_WORK ITEM_
Output the data in full. Keep every word exact and exclude the pictures.

::: TASK DATA

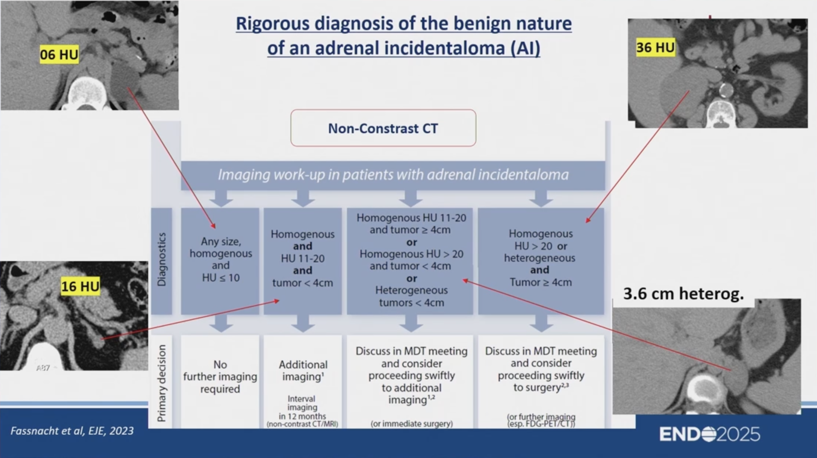 - 密度 > 20 HU 或 不均質 或 大於 4cm: 需高度懷疑惡性或非腺瘤病變(如嗜鉻細胞瘤、轉移癌)。需進入多專科團隊(MDT)討論,考慮進一步影像檢查(如 PET)或手術。
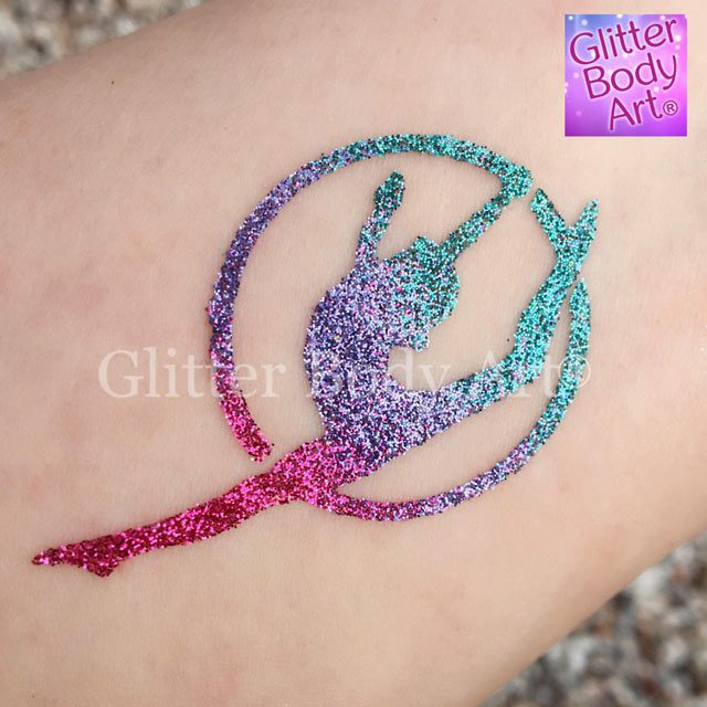 Remove paper backing from rear of stencil – Place stencil onto desired area of skin – Remove clear top layer – Apply thin layer of body adhesive to the inside area of the stencil – Wait for the glue to become clear (opaque) – Apply glitter to the stencil using the small / medium brush – Use the large brush to remove excess glitter – Gently peel away the stencil to reveal your beautiful glitter tattoo.
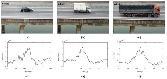 The time-history data in Figure 14 were divided into segments to isolate each rotation response when only a single vehicle crossed the span. Three typical data for different sizes of vehicles, together with the corresponding photos captured by the UAV, are shown in Figure 15. Figure 15a–c show the different sizes vehicles in each section, and Figure 15d–f show the corresponding beam-end rotation response curves. It is evident that the time required by each vehicle to pass the monitored span was approximately 2 s, indicating that the three vehicles traveled across the bridge at a high speed of approximately 110 km/h (speed limit of the bridge is 120 km/h). The changes in the amplitude of the rotation angle caused by vehicle 1, vehicle 2, and vehicle 3 were 6.2 × 10−4, 3.2 × 10−4, and 46.8 × 10−4 (°), respectively. The beam-end rotation and corresponding vehicle sizes and weight are listed in Table 3.
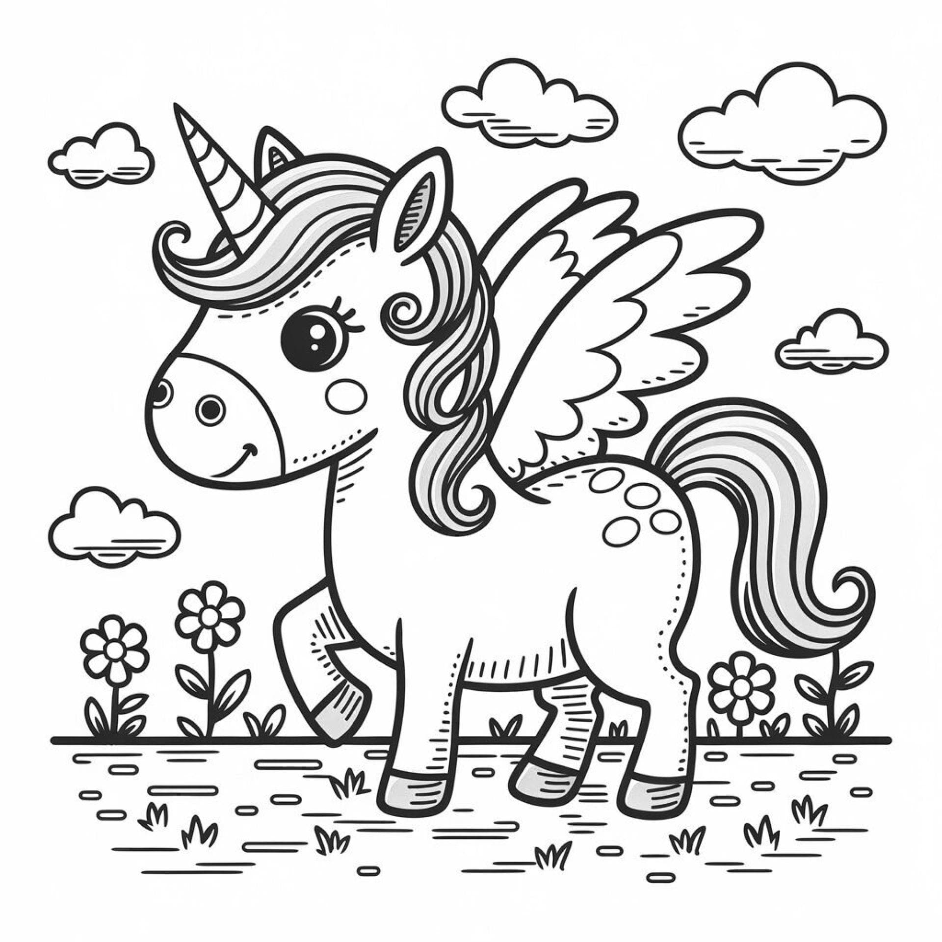 Ihr seid auf der Suche nach einer Malvorlage mit einem Einhorn mit Flügeln? Vielleicht gefällt euch ja eines der folgenden Ausmalbilder ...
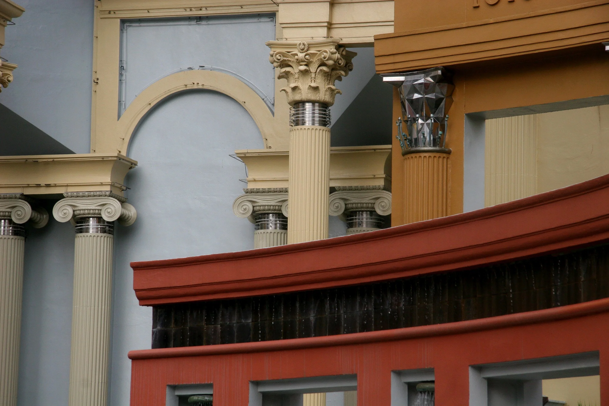 One of the most important buildings in the country in the last 50 years isn't even a building. Piazza d'Italia was designed by American architect Charles Moore in 1978 off Poydras Street in New Orleans, a carefully designed mess of a plaza that is one of the most famous and best pieces of postmodern architecture ever built. On three sides of a plaza, Italian arches and columns (clad in stainless steel and lit with neon) rise to surround a rather involved fountain that sprays off of pediments and falls between piers. At its core, postmodernism was an attempt to use (and translate) the language and symbols and ornamentation of classical architecture but using the materials and lessons of modernism. And even though I am not a fan of postmodernism as a style (I remain a brutalist at heart), I still have to admire just how well designed Moore's recently restored fountain really is. Every detail, every piece of neon, every stainless steel column capital work together and in fact work together well.
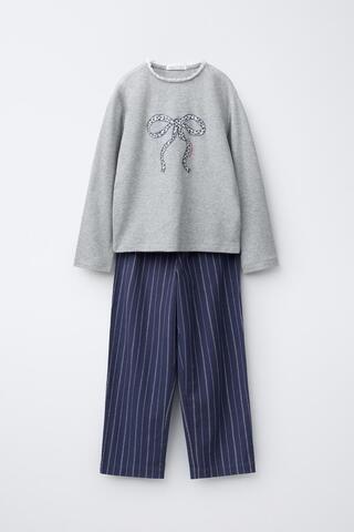 ZARA КОМБИНИРОВАННАЯ ПИЖАМА В ПОЛОСКУ С БАНТОМ, СИНИЙ
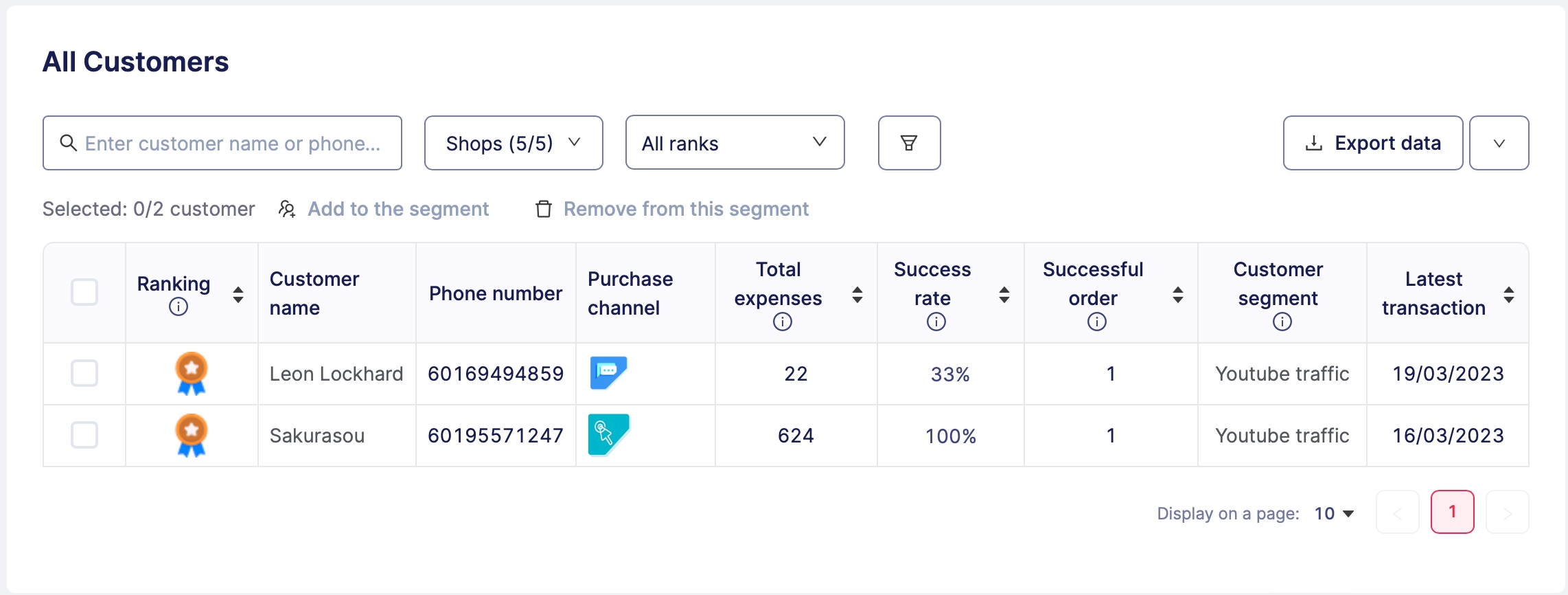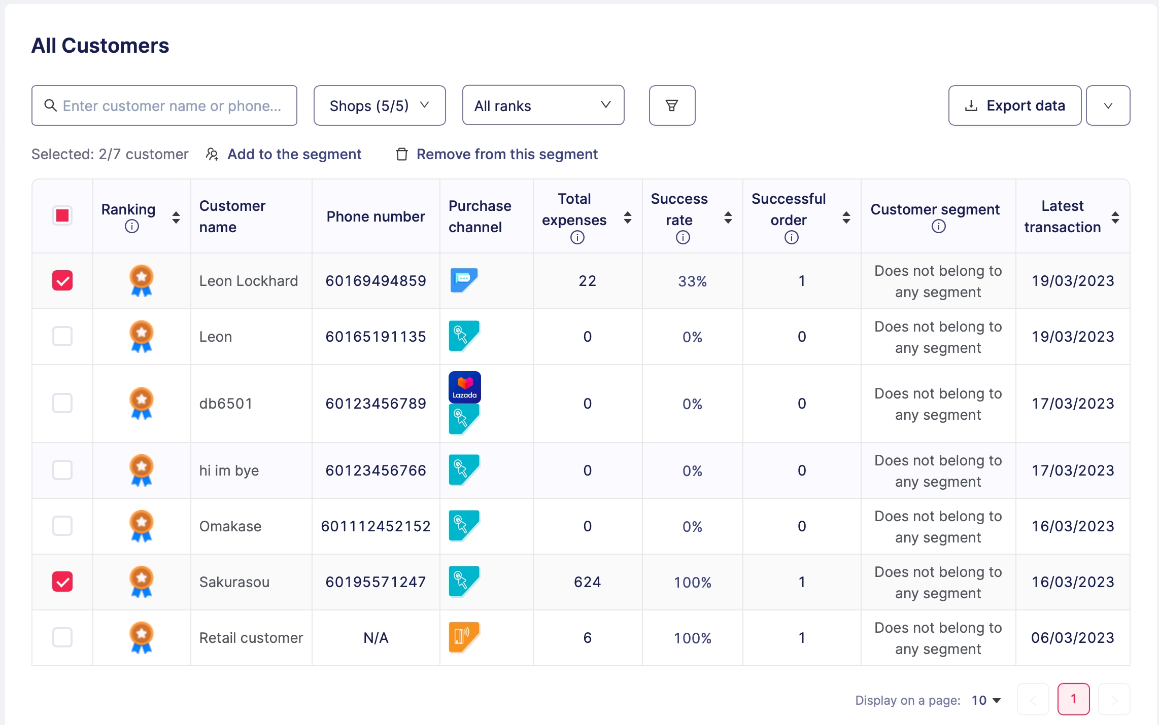 Dalam senarai All customer, anda perlu tandakan pada kotak bagi pelanggan yang anda ingin tambah pada segmen tertentu.

::::::

_SOLUTION TO THE PROBLEM_
 - 密度 > 20 HU 或 不均質 或 大於 4cm: 需高度懷疑惡性或非腺瘤病變(如嗜鉻細胞瘤、轉移癌)。需進入多專科團隊(MDT)討論,考慮進一步影像檢查(如 PET)或手術。
 Remove paper backing from rear of stencil – Place stencil onto desired area of skin – Remove clear top layer – Apply thin layer of body adhesive to the inside area of the stencil – Wait for the glue to become clear (opaque) – Apply glitter to the stencil using the small / medium brush – Use the large brush to remove excess glitter – Gently peel away the stencil to reveal your beautiful glitter tattoo.
 The time-history data in Figure 14 were divided into segments to isolate each rotation response when only a single vehicle crossed the span. Three typical data for different sizes of vehicles, together with the corresponding photos captured by the UAV, are shown in Figure 15. Figure 15a–c show the different sizes vehicles in each section, and Figure 15d–f show the corresponding beam-end rotation response curves. It is evident that the time required by each vehicle to pass the monitored span was approximately 2 s, indicating that the three vehicles traveled across the bridge at a high speed of approximately 110 km/h (speed limit of the bridge is 120 km/h). The changes in the amplitude of the rotation angle caused by vehicle 1, vehicle 2, and vehicle 3 were 6.2 × 10−4, 3.2 × 10−4, and 46.8 × 10−4 (°), respectively. The beam-end rotation and corresponding vehicle sizes and weight are listed in Table 3.
 Ihr seid auf der Suche nach einer Malvorlage mit einem Einhorn mit Flügeln? Vielleicht gefällt euch ja eines der folgenden Ausmalbilder ...
 One of the most important buildings in the country in the last 50 years isn't even a building. Piazza d'Italia was designed by American architect Charles Moore in 1978 off Poydras Street in New Orleans, a carefully designed mess of a plaza that is one of the most famous and best pieces of postmodern architecture ever built. On three sides of a plaza, Italian arches and columns (clad in stainless steel and lit with neon) rise to surround a rather involved fountain that sprays off of pediments and falls between piers. At its core, postmodernism was an attempt to use (and translate) the language and symbols and ornamentation of classical architecture but using the materials and lessons of modernism. And even though I am not a fan of postmodernism as a style (I remain a brutalist at heart), I still have to admire just how well designed Moore's recently restored fountain really is. Every detail, every piece of neon, every stainless steel column capital work together and in fact work together well.
 ZARA КОМБИНИРОВАННАЯ ПИЖАМА В ПОЛОСКУ С БАНТОМ, СИНИЙ
 Dalam senarai All customer, anda perlu tandakan pada kotak bagi pelanggan yang anda ingin tambah pada segmen tertentu.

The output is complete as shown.